I have a OData REST API application running on IIS, using http.sys as the web server. I notice for around 5-10% of the requests my clients are noticing high latency (> 300 ms), but when I look at server side application logs, I see I processed the request in less than 50 ms. My clients are NOT geographically far from the web server. I think there is some non-network bottleneck, but I don't know where to look.

So far, I ran an Http.Sys ETW trace on the machine to capture a single request with high client reported latency. Here are the results:

Client Reported Latency: 323 ms
Server application reported processing time: 38 ms                           

Http.Sys trace:

1.RecvReq: 2023-08-14T22:33:39.653675000Z (“Request received”)

2.Parse:   2023-08-14T22:33:39.653723100Z (“Parsed request with URI …”)

3.Deliver: 2023-08-14T22:33:39.653755300Z (“Delivered request to server application from request queue IISPOOL_<AppName>”)

4.Deliver: 2023-08-14T22:33:39.653811300Z (“Delivered request to server application from request queue IISPOOL_<AppName>”)

5.RecvResp: 2023-08-14T22:33:39.697113000Z (“Server application passed response”) (EntityChunkCount: 23, HeaderLength: 329, StatusCode: 200)
                                                                                                                                                                                                                                            
6.RecvBody: 2023-08-14T22:33:39.701603000Z (“Server application passed entity body”)

7.FastRespLast: 2023-08-14T22:33:39.859224500Z (“Server Application passed the last response”)

8.FastSend: 2023-08-14T22:33:39.859284800Z (“Queued last response for sending. Status code is 200”)

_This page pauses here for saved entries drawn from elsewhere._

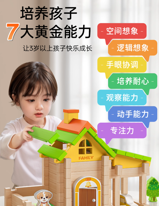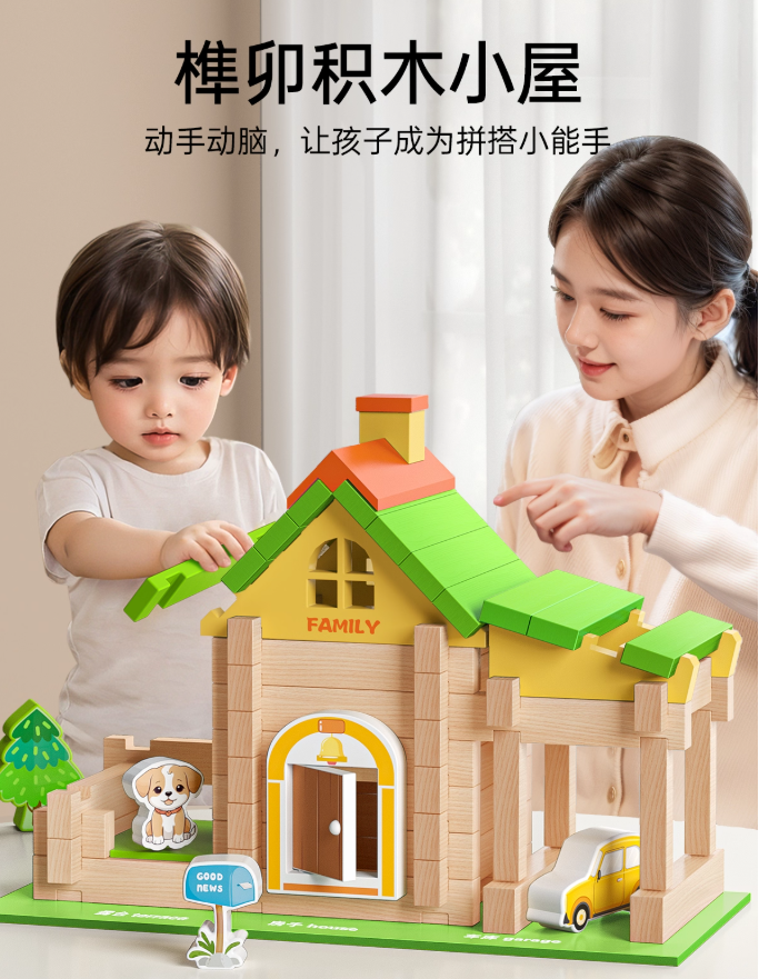 鲁班榫卯积木男孩女孩益智儿童木质diy拼搭建筑小屋结构手工玩具
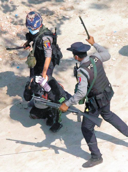 시위대 구타하는 미얀마 군경 6일 미얀마 최대 도시 양곤에서 무장한 군경이 곤봉으로 시위대를 구타하고 있다. 군부 지지자가 시민을 공격하는 ‘백색테러’도 기승을 부려 최소 2명이 숨지고 6명이 부상당했다. 크리스틴 슈라너 부르기너 유엔 미얀마 특사는 시위대 유혈 진압을 비판하며 유엔 안전보장이사회 차원의 대응을 호소했다. 양곤=AP 뉴시스 |
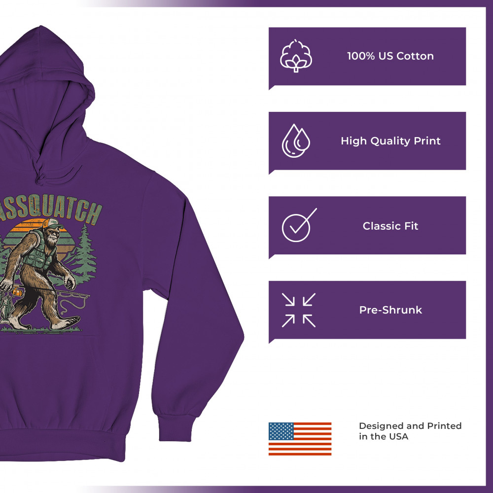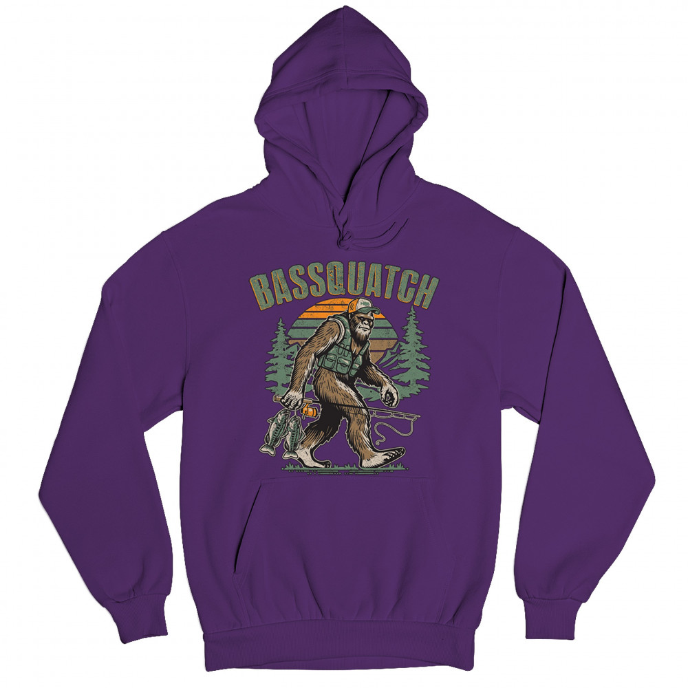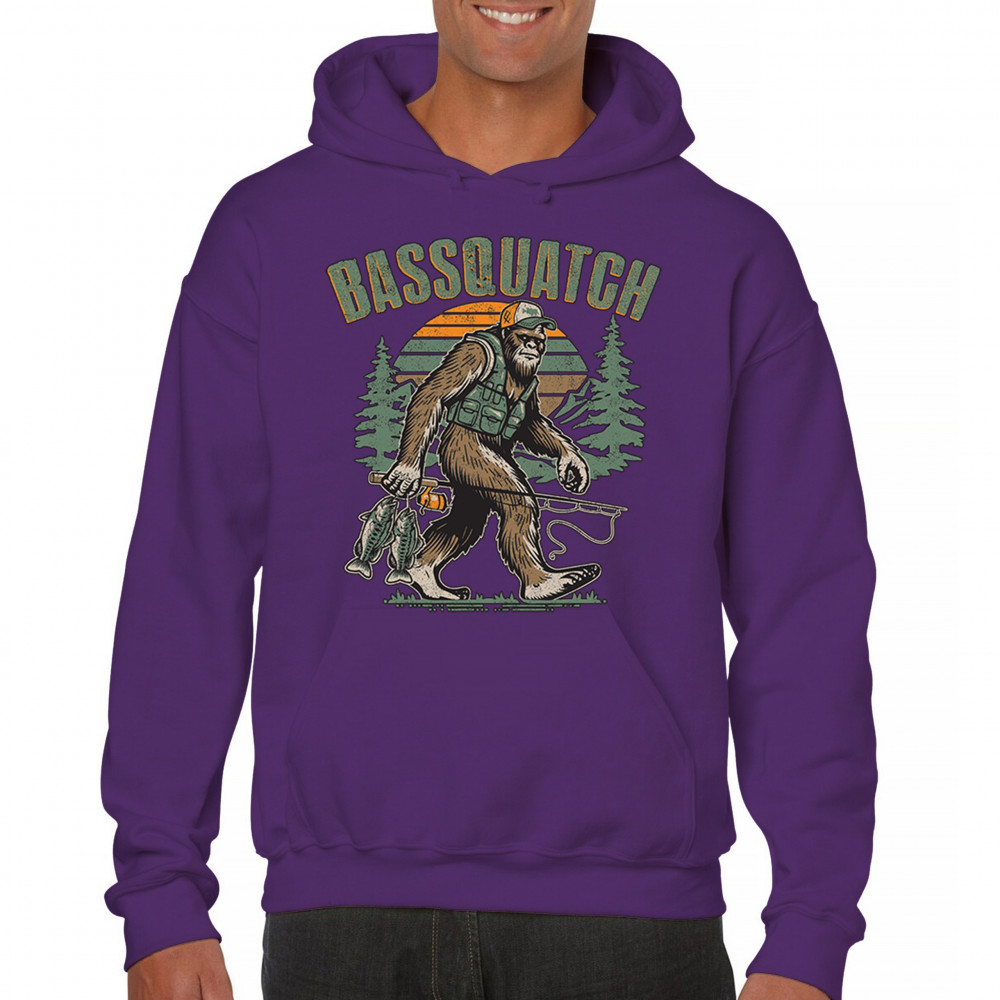 Funny Bassquatch design blends Bigfoot, fishing humor, and retro forest style. Great for anglers, cryptid lovers, and outdoorsy pun fans.
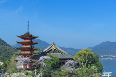 桜咲く厳島神社の五重塔

I don't know fully how to interpret these logs, so I am not finding them helpful. (If you know where I can find resources to help interpret these logs, please share that).

Do these logs reveal anything insightful, like there is some bottleneck in my application logic, or maybe on the client side? What additional thing you would you suggest I look at next? I also checked performance counters on my machine (CPU/Memory) and it was low.

1

There are 1 best solutions below

0
Alois Kraus On

You can record CPU and Network traces with ETW. Download ETWController:

Note: ETWController and ETWAnalyzer are written by me.

Start it as Administrator and select as Preset CSWitch

enter image description here

Then give the recording file a descriptive file name like

C:\temp\SlowHttpSys_%TS%_%COMPUTERNAME%.etl

After that select Manual Editing to tweak the recording settings enter image description here Change the Profile to also record Network Profiling with this command line

xxwpr -start "MultiProfile.wprp!CSwitch" -start "MultiProfile.wprp!Network" -start HookEvents.wprp

Now press Start and let your clients have slow response times. This generates quite a bit of data (1-2 GB/minute) in a up to 4 GB Ring buffer so your time horizon of the recording is no more than 1-2 minutes. Be sure to stop recording soon enough after something bad did happen.

When the recording is finished you can analyze the ETW data with a command line tool called ETWAnalyzer.

Download and extract it to a folder and add the PATH to the folder it so you can execute the tool from anywhere.

Now you can extract the relevant data with

EtwAnalyzer -extract all -fd "C:\Temp\SlowHttpSys_2023-10-03_212630_MAGNON.etl" -symserver ms 

The first time you should use the -symsver ms option to download Microsoft symbols for all Windows code. When you did not patch/update Windows in between you can omit this next time which will extract the data quicker.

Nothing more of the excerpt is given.